─── Recorded data

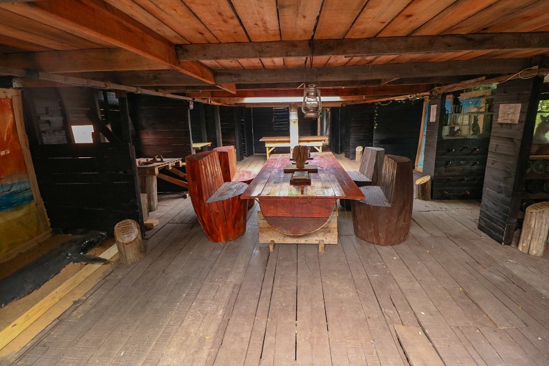 A embarcação, construída totalmente em madeira, conta com todos os compartimentos de acordo com a planta original. Putzke acredita que é necessário voltar a usar mais madeira, que retém gás carbônico, responsável pela maior parte da poluição atmosférica. A produção do metal aplicado na indústria exige a queima de muito desse material. “A madeira equivalente ao navio precisa ser queimada para produzir uma cadeira de metal”.
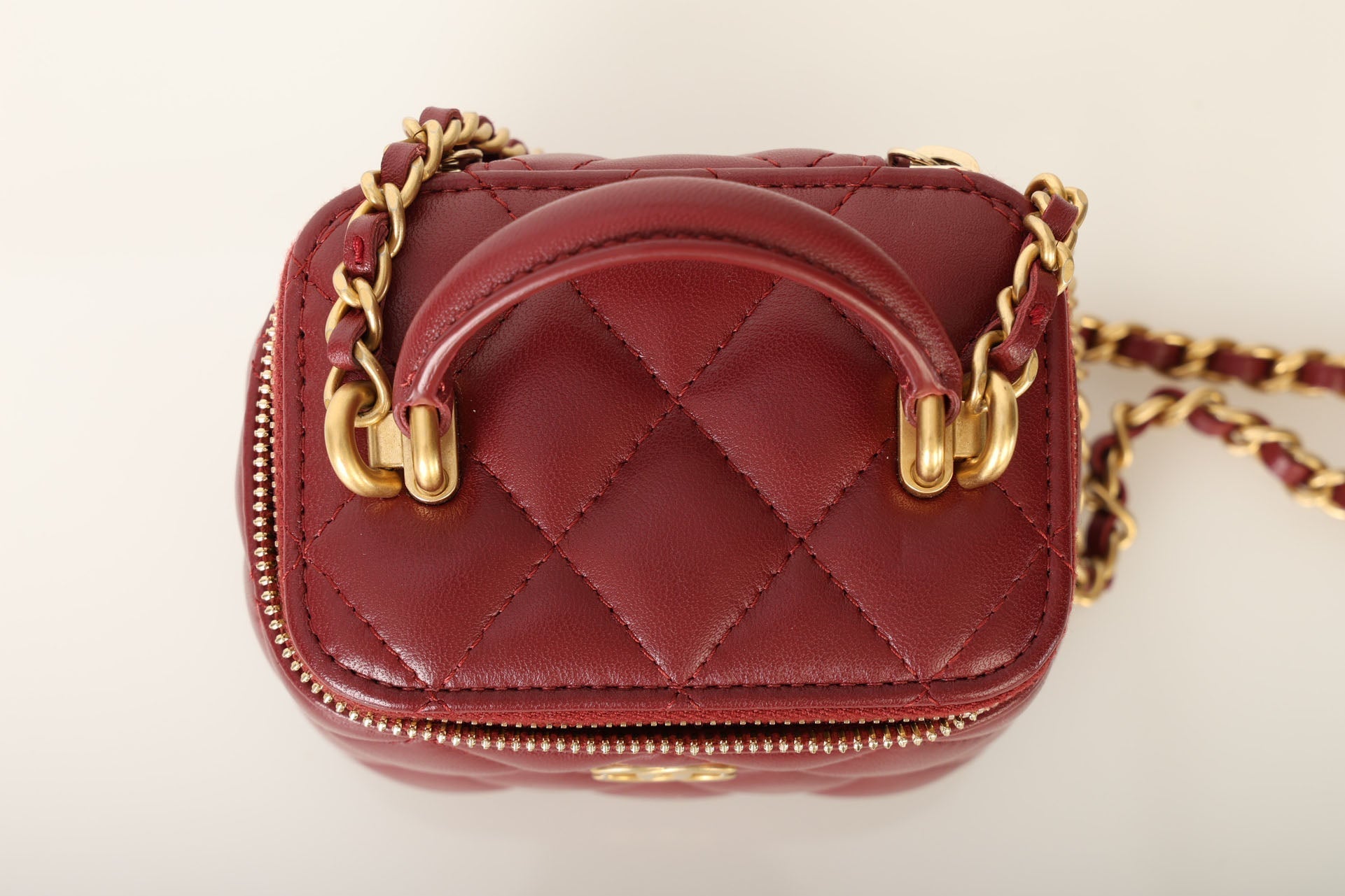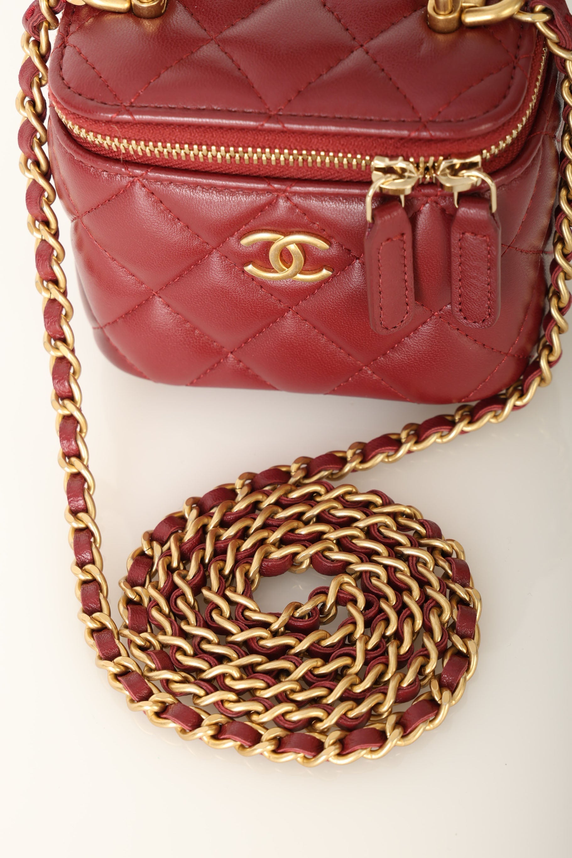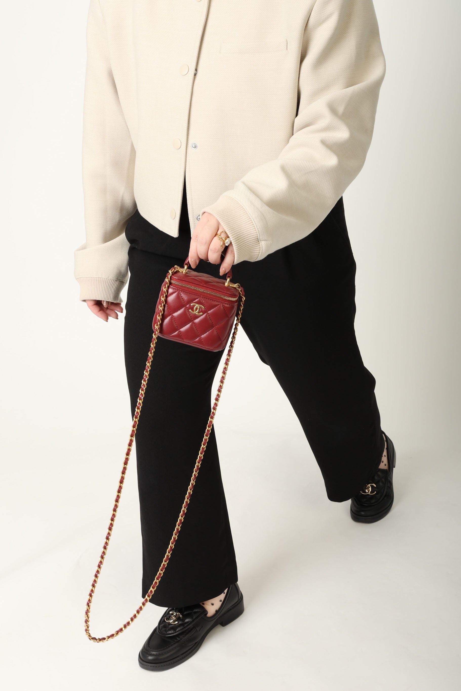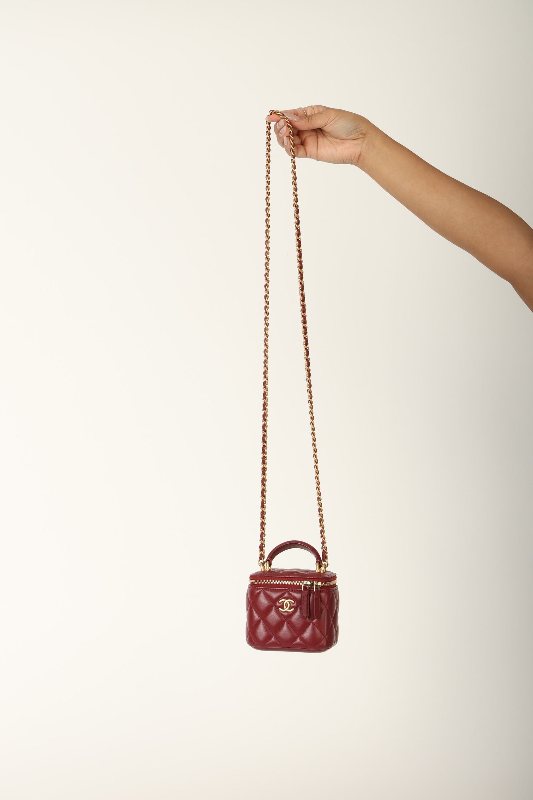 Presenting the cutest Chanel Lambskin mini vanity! It's the classic lambskin Chanel look, but in the gorgeous oxblood/bordeaux color. So on trend, and can definitely be used for any season!
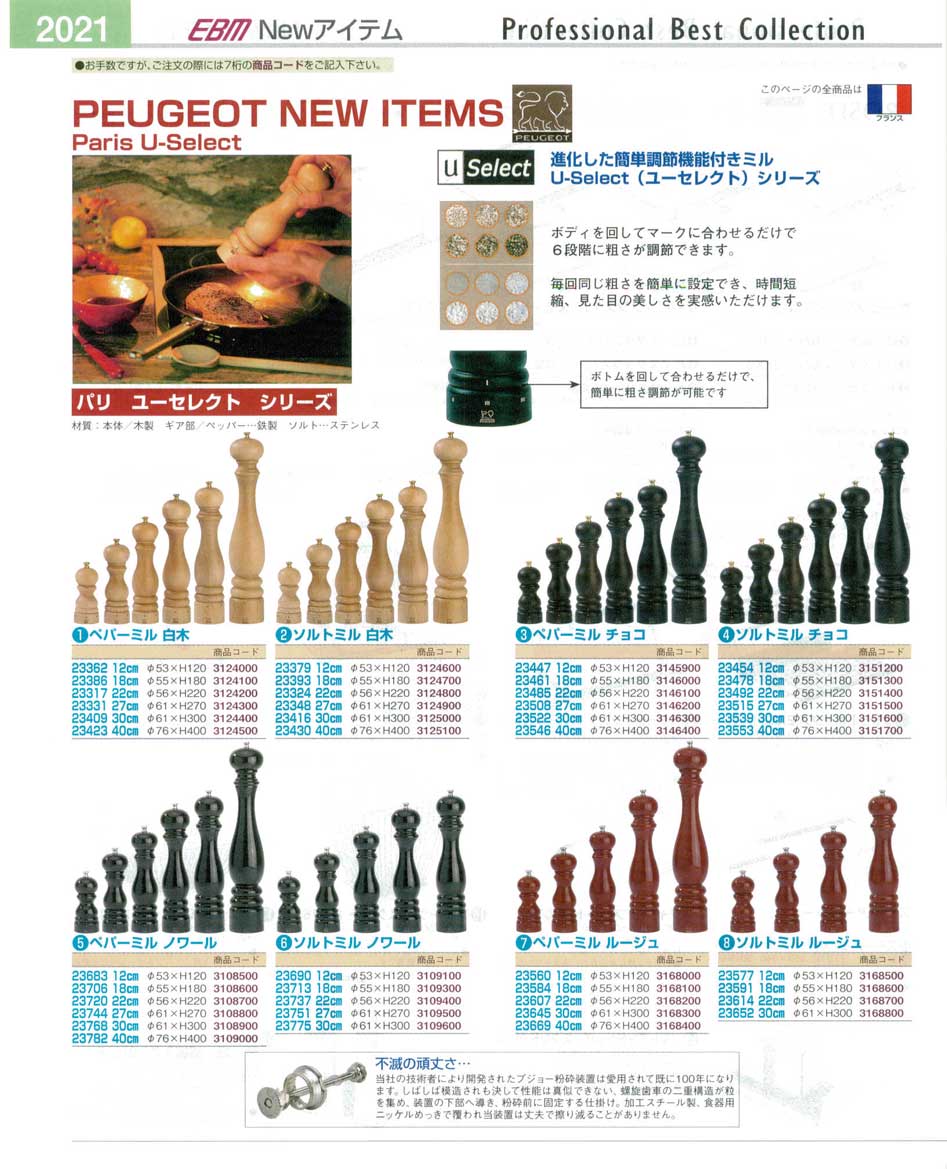 プジョー・パリユーセレクトシリーズ・ペパーミル プロフェッショナルベストコレクション14−2 EBM−2021ページ:パンフレットを見るには、スクリプト対応ブラウザが必要です。
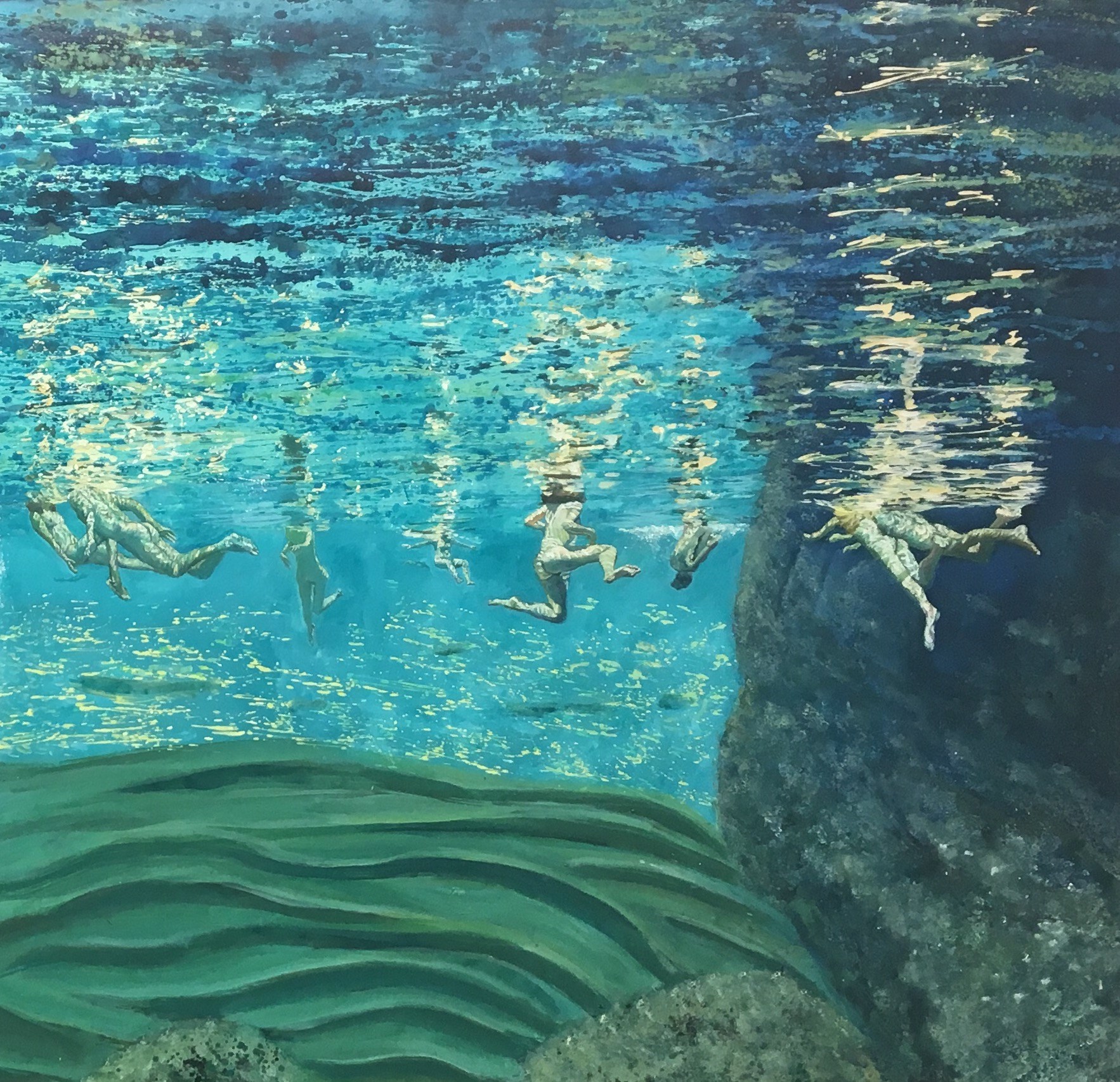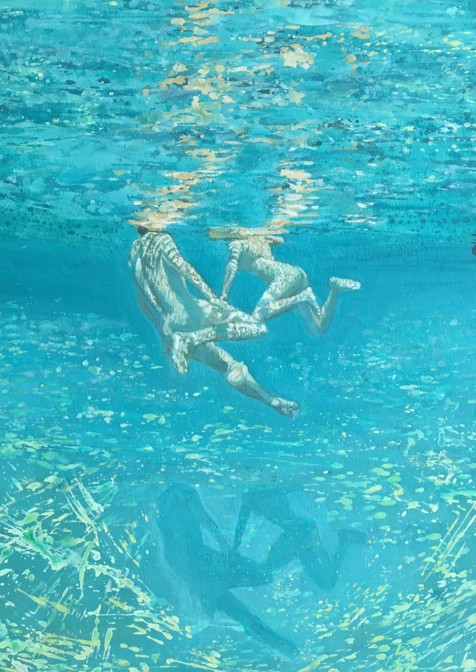 Οι επισκέπτες της γκαλερί Kapopoulos Fine Arts στην Πάτμο θα δουν υποβρύχιους κολυμβητές ανάμεσα σε αρχαία σπαράγματα, αλλά και στην απεραντοσύνη του βυθού, θάλασσες που στραφταλίζουν κάτω από τον δυνατό ήλιο, λουόμενους σε καταρράκτες σε παραλίες, πάνω στην ζεστή άμμο.

──────

* Work to complete: Reproduce the data above line for line, excluding every picture.

* Result for this exercise:
 A embarcação, construída totalmente em madeira, conta com todos os compartimentos de acordo com a planta original. Putzke acredita que é necessário voltar a usar mais madeira, que retém gás carbônico, responsável pela maior parte da poluição atmosférica. A produção do metal aplicado na indústria exige a queima de muito desse material. “A madeira equivalente ao navio precisa ser queimada para produzir uma cadeira de metal”.
 Presenting the cutest Chanel Lambskin mini vanity! It's the classic lambskin Chanel look, but in the gorgeous oxblood/bordeaux color. So on trend, and can definitely be used for any season!
 プジョー・パリユーセレクトシリーズ・ペパーミル プロフェッショナルベストコレクション14−2 EBM−2021ページ:パンフレットを見るには、スクリプト対応ブラウザが必要です。
 Οι επισκέπτες της γκαλερί Kapopoulos Fine Arts στην Πάτμο θα δουν υποβρύχιους κολυμβητές ανάμεσα σε αρχαία σπαράγματα, αλλά και στην απεραντοσύνη του βυθού, θάλασσες που στραφταλίζουν κάτω από τον δυνατό ήλιο, λουόμενους σε καταρράκτες σε παραλίες, πάνω στην ζεστή άμμο.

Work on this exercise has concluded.